Opinión

Giselle Rivera (3)

Una entrevista en España hecha por el periodista Haroldo Sánchez, de Guatevisión, al ex ministro de Gobernación Carlos Roberto Vielmann Montes, transmitida el lunes, introduce nuevos elementos en el aspecto público del sonado caso Pavón.

Por LUIS MORALES CHÚA

La incursión armada, el 25 de septiembre del 2006, a la citada granja penal, situada en el municipio de Fraijanes, no habría tenido mayores repercusiones internacionales, de no ser por las siete muertes —calificadas de ejecuciones extrajudiciales por la Cicig— ocurridas en el interior del presidio, y por los procesos penales incoados, uno en Guatemala y otro en España, contra el ex funcionario.

En Guatemala otro procesado de alto rango es el ex director del Sistema Penitenciario doctor Alejandro Giammattei, quien guarda prisión en la Brigada Militar Mariscal Zavala, a donde fue remitido por medidas de seguridad, ya que su internamiento en un centro penal común lo podría colocar en la mira de recluidos peligrosos, animados de sentimientos de venganza.

En la entrevista, Vielmann afirma que la incursión armada en la granja penal no fue una decisión suya únicamente, como responsable de la seguridad interior del país, sino una acción ordenada por el gabinete de Seguridad del Gobierno, presidido por Berger. Ese gabinete se integra con el presidente de la República, los ministros de Gobernación y de la Defensa Nacional y el director general de la Policía Nacional Civil.

Las declaraciones de Vielmann podrían dirigir el proceso también en dirección a otros miembros del Gabinete de Seguridad de aquellos días, hasta ahora no involucrados en las acciones judiciales, particularmente porque la situación del ex ministro experimenta cambios de un día para otro.

El 14 de octubre, como consecuencia de una solicitud de extradición del Gobierno de Guatemala, fue detenido y enviado a prisión incondicional por orden de un juez de la Audiencia Nacional de España.

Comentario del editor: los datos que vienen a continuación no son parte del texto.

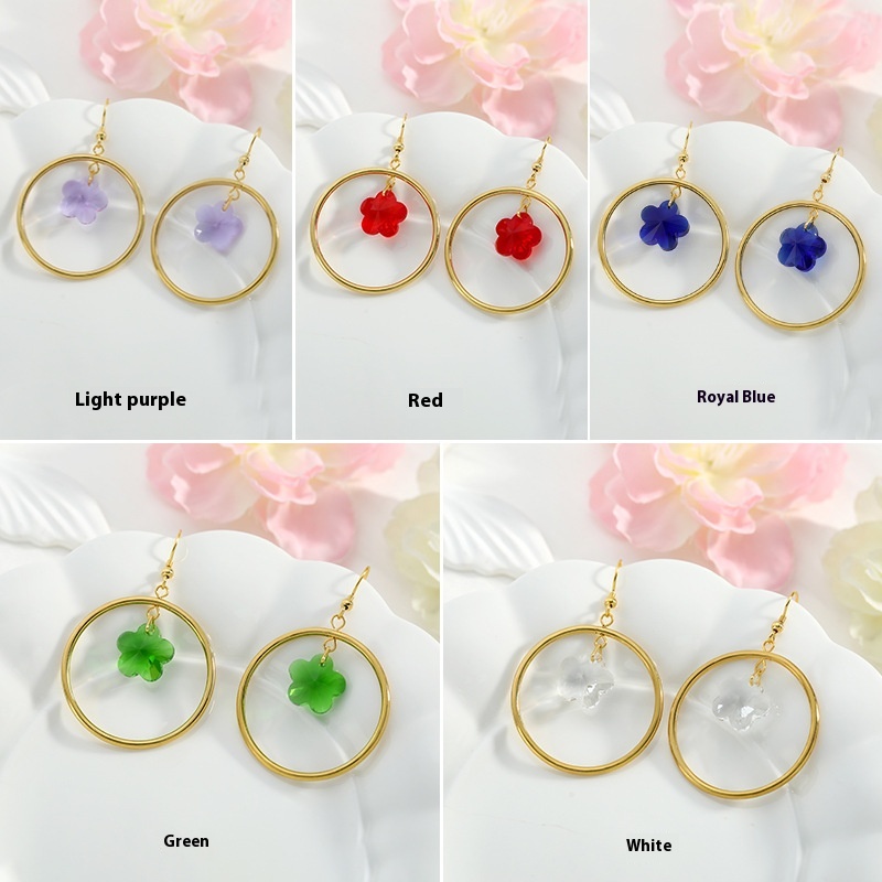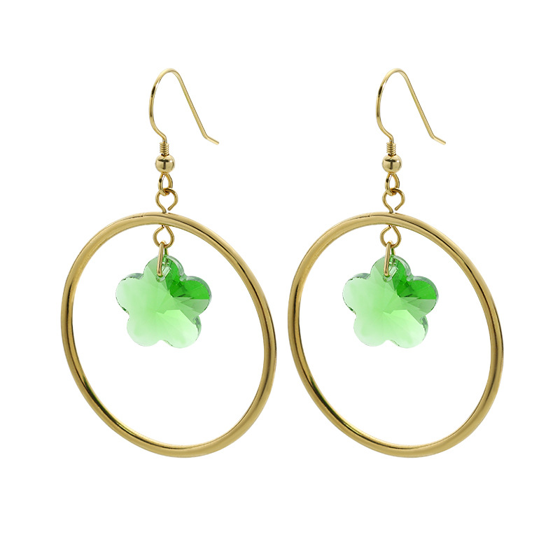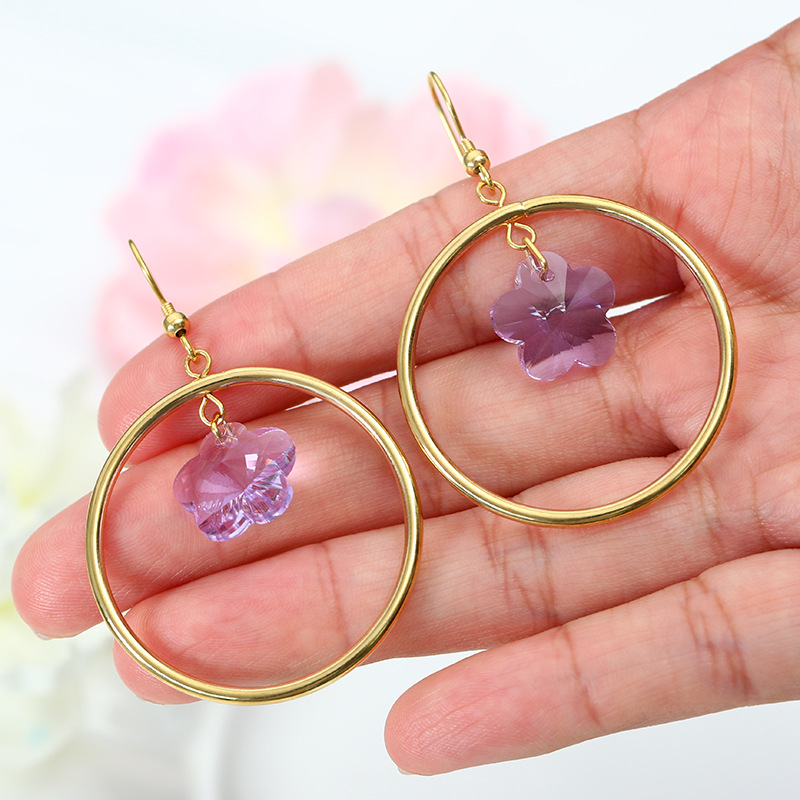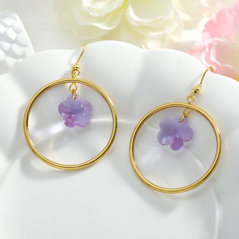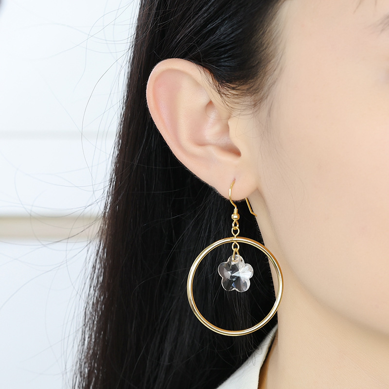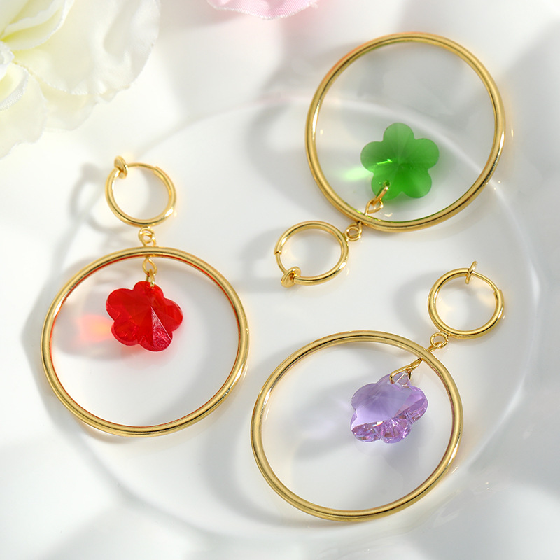 Color: round crystal flower earrings/metal ear hook, round crystal flower earrings/spring ear clip
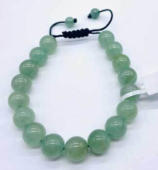 Adjustable Green Aventurine beaded bracelet. Green Aventurine makes a wonderful healing stone with benefits for the lungs, liver, sinuses, and heart. Chakra healing and balancing with its ability to remove blocks. 10mm
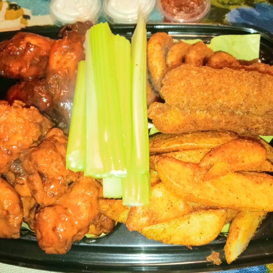 6 alitas, boneless, 1/2 orden de aros, 1/2 de papas sazonadas, 1/2 de dedos de queso, apio, ranch y katsup
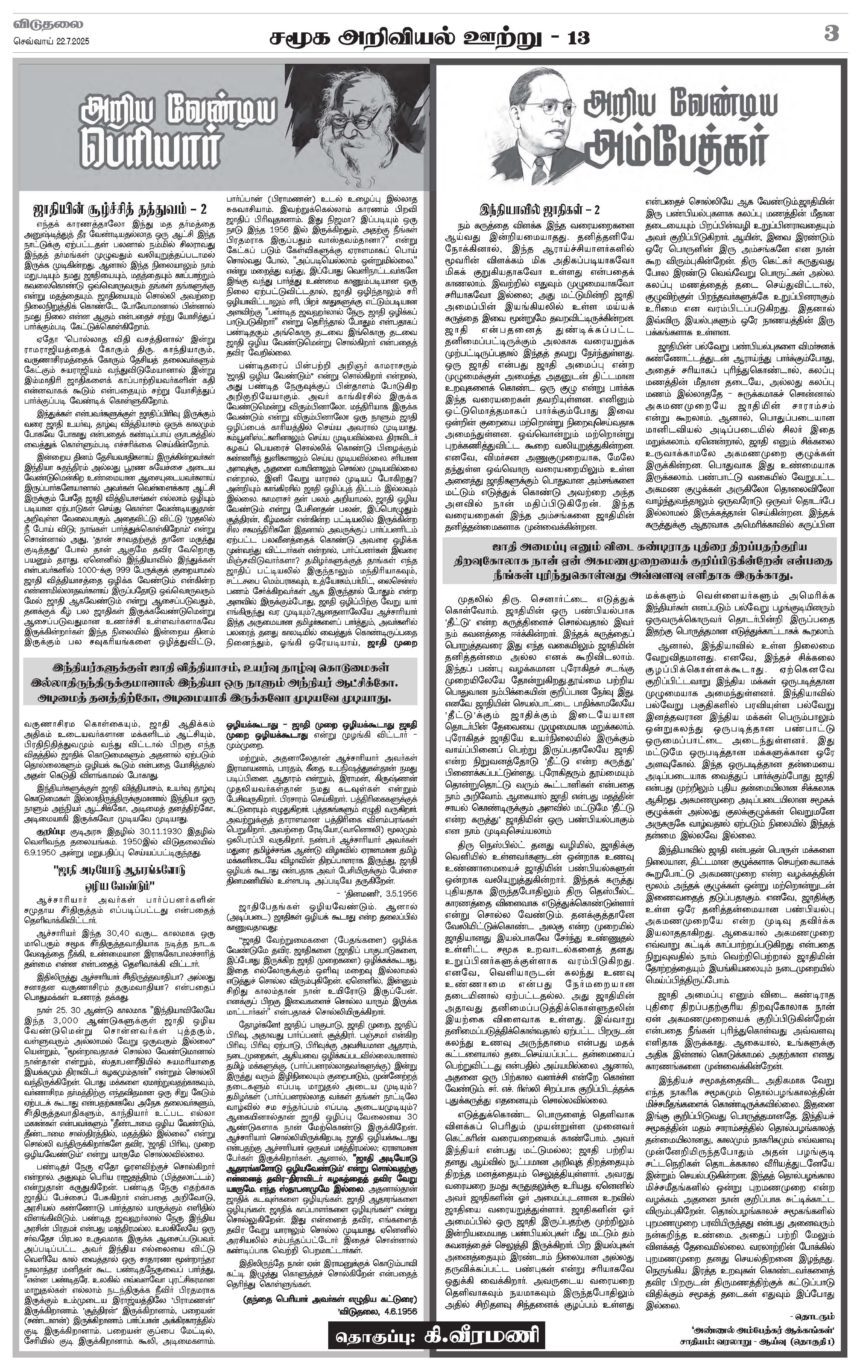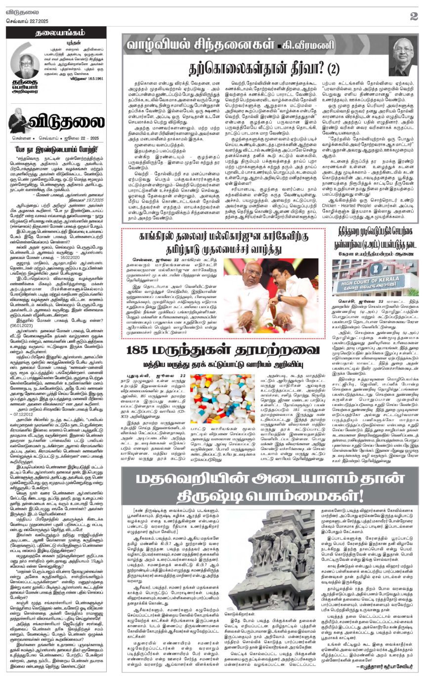 "Viduthalai" is a Tamil newspaper founded by the social reformer Thanthai Periyar, in 1935. Aimed at promoting rationalism, social justice, and gender equality, it played a crucial role in advocating for the rights of marginalized communities in Tamil Nadu. The newspaper remains significant in the legacy of Periyar’s movement for a more equitable society. Under the able leadership of K. Veeramani, the current editor of "Viduthalai," the newspaper continues to uphold the values of Periyar's vision for social justice and equality. Veeramani, a prominent activist and advocate for rationalism, has revitalized the publication, ensuring it addresses contemporary issues while staying true to its foundational principles.
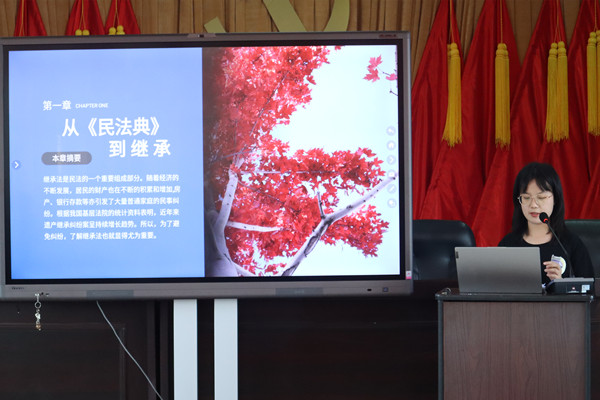 讲座伊始,李彬宁同学强调:因亲人去世而产生的财产继承纠纷已经不是富人或名人的专利。随着经济不断发展,居民的财产也在不断积累增加,房产、银行存款等亦引发了大量普通家庭的继承纠纷。所以,为了避免和化解纠纷,了解继承法尤为重要。接着,申奥从编纂《民法典》的重大意义引入主题,围绕继承法的相关概念、继承的种类及继承法上认识的误区三个方面展开讲述。在宣讲过程中,申奥同学详细地讲解了法定继承和遗嘱继承的范围及具体内容,并重点讲述了在继承权享受上应注意的问题、法定遗嘱遗产分配的原则、口头遗嘱的注意事项、影响遗嘱效力的因素和遗嘱的撤销及变更,语言生动,条理清晰,引起了村民们的高度兴趣。同时,李彬宁将具体法条与现实社会生活中出现的鲜活事例相结合,以案释法、深入浅出,给当地村民上了一堂生动的法治课。最后,申奥表示无论是遗嘱继承还是法定继承,要减少矛盾和纠纷都离不开家庭成员的理解和配合,并呼吁广大村民在遇到问题时,要学会寻求法律途径,运用法律维护自己的合法权益。
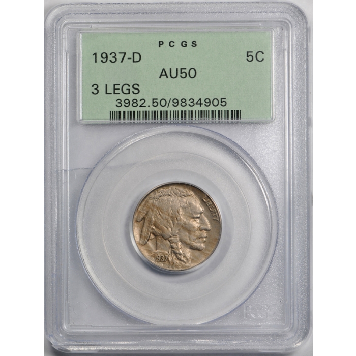Description / 1937 D 5C 3 Legs Buffalo Nickel PCGS AU 50 About Uncirculated OGH Three Legged

Días más tarde, por una lentitud de funcionarios del Ministerio de Relaciones Exteriores de Guatemala en enviar la documentación justificativa de la solicitud de extradición, Vielmann fue puesto en libertad.

Pero, la Comisión Internacional contra la Impunidad en Guatemala reaccionó con prontitud y trasladó su actividad al propio corazón de Madrid y le abrió un proceso en España, al amparo de la legislación de ese país. La Fiscalía General española de inmediato solicitó a la Audiencia Nacional ordenar la captura de Vielmann, a quien imputa crímenes de lesa humanidad —cometidos por un español en Guatemala—, porque el ex ministro obtuvo la nacionalidad española el 7 de abril de 2009, lo cual puede ser su tabla de salvación o su condena. De no ser por esa nacionalización podría haber sido extraditado y juzgado en Guatemala, donde él confía ser absuelto. El caso tiene que ver con una sorpresiva —y todavía no muy bien explicada— resolución del Congreso de los Diputados de España, aprobada en mayo del 2009, por la cual ese país no iniciará más procesos por crímenes de lesa humanidad cometidos en países extranjeros, salvo que entre las víctimas figuren ciudadanos españoles. Pero, procesará a españoles que cometan esos crímenes en cualquier parte del mundo si llegan o regresan a España.

Lo que algunos se preguntan es dónde le sería más justo, ecuánime y objetivo el proceso, si en España o en Guatemala. Las Naciones Unidas, por ejemplo, desean que el proceso sea tramitado en España.

No sé si es porque esa organización mundial cree más en la justicia española que en la guatemalteca. Es cuestión de opiniones. Yo pienso que aquí la justicia es ondeante y diversa, y por ello, si es inocente, puede ser absuelto; si es culpable, puede ser condenado; si es inocente, puede ser condenado; y si es culpable, puede ser absuelto, como ha ocurrido en otros casos. Esto no habrá de suceder en España, porque allá el caso no estaría sometido a los vaivenes de la política partidista nuestra.